Владимир Старовойтов. «Иллюстрация к книге. Андрей Камалов»

Владимир Старовойтов. «Иллюстрация к книге. Андрей Камалов»

За несколько дней до первого отъезда Андрея Камалова в Китай я заскочил к нему в мастерскую, на Светланскую, 7, туда, где они с Мишей Павиным обитали уже лет 15. Забегаешь по рассохшимся и громыхающим ступеням старой лестницы на чердак — налево Мишина студия, направо — Андрея.

У Миши в крохотной каморке пусто, нет ни столов, ни стульев, окно задраено, но ослепительно и жарко горят софиты… Миша пишет светом. Это его полигон со своим собственным солнцем.

А у Андрея негде повернуться.
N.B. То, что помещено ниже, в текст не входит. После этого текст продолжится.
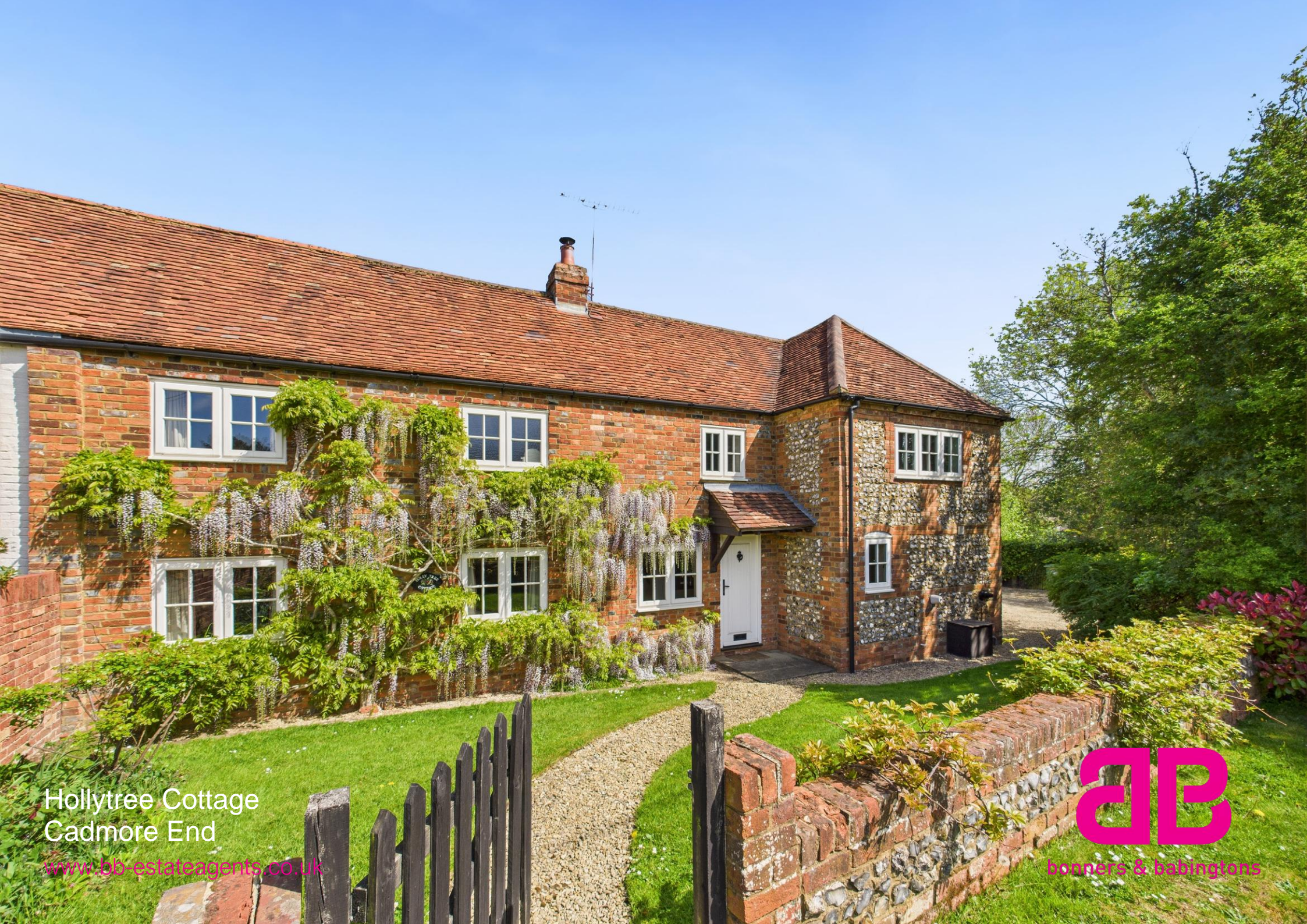
Hollytree Cottage Cadmore End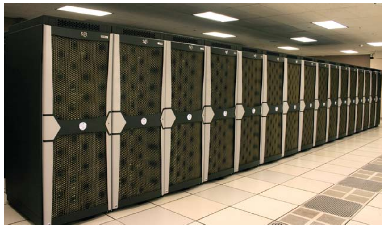
Shown here is one row of cabinets that make up the 100-cabinet Pleiades supercomputer system at Ames Research Center. In 2010, Pleiades ranked as one of the fastest systems on the Top 500 list of the world's most powerful supercomputers.

3DGeo's work with Ames started with its Internet Seismic Processing (INSP) product. As a provider of advanced imaging software services for the oil and gas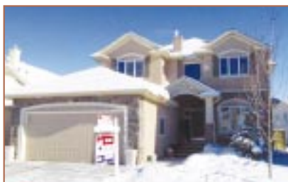
26 Strathlea Grove SW $415,000 SPRING HAVEN BETTER THAN NEW!

Just listed, Spring Haven, quiet cul-de-sac location. Newly completed 2638 sq. ft. 2 storey with 3 bedrooms, main floor den and upper bonus room. Features rich brazilian cherry flooring throughout main floor, white millwork, 9 foot ceilings, den with double French doors, formal dining room with classic columns, 2 storey great room, beautiful kitchen with natural maple cabinetry and granite countertops, 3 upper bedrooms including master with his/hers walk-in closets and luxurious jet tub ensuite bathroom.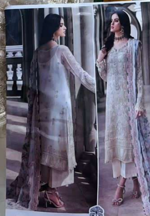
GULAAL VOL.1 TOP: Faux Georgette with Embroidery ZAHA D.No.1 DUPATTA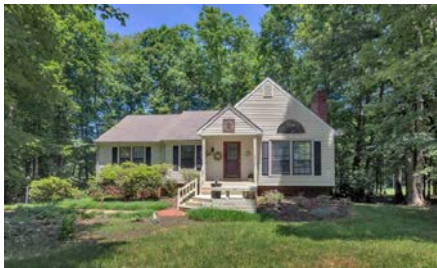
27 Bunker Boulevard, Lake Monticello $269,000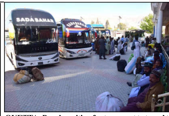
QUETTA: People waiting for transport to travel to hometowns to celebrate Eid ul Fitr with their loved ones at a local bus stand

Independent Report QUETTA: The dead body of labourer killed by unknown armed men in Panjgur on Saturday was dispatched to the native area, Rajanpur (Punjab) from Quetta on Sunday. The body of slain labourer was brought to Quetta from Panjgur on late Saturday night. According to the Commissioner Quetta, the ambulance and financial assistance was provided for sending the body of labourer to Rajanpur. The Chief Minister Balochistan, Mir Sarfraz Ahmed Bugti had issued directives for making arrangements in this regard.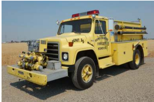
1979 1724 FIRE TRUCK

Тесно так, что хочется превратиться в тонкий бумажный лист и повиснуть где-нибудь на кнопке среди оттисков гравюр и рисунков. Светло, окна открыты во все стороны и в светлое небо. Однако Андрей ухитрился поставить здесь и печатный станок, и мольберт. Режет свои доски и делает живопись.

Я заскочил сегодня на минуту, не чаи гонять. Знаю, что у Андрея срочные сборы в дорогу. Надо упаковать уйму мелочей, отправить работы в Магнитогорск, на родину, которая помнит его и вот пригласила сделать выставку. А в Китае ждёт Женя Макееев, учитель русского рисования и живописи в какой-то художественной школе.

— Андрей, — говорю другу, — приди пятого декабря в «Артэтаж», скажи мне пару ласковых, чтобы все знали, как ты меня любишь.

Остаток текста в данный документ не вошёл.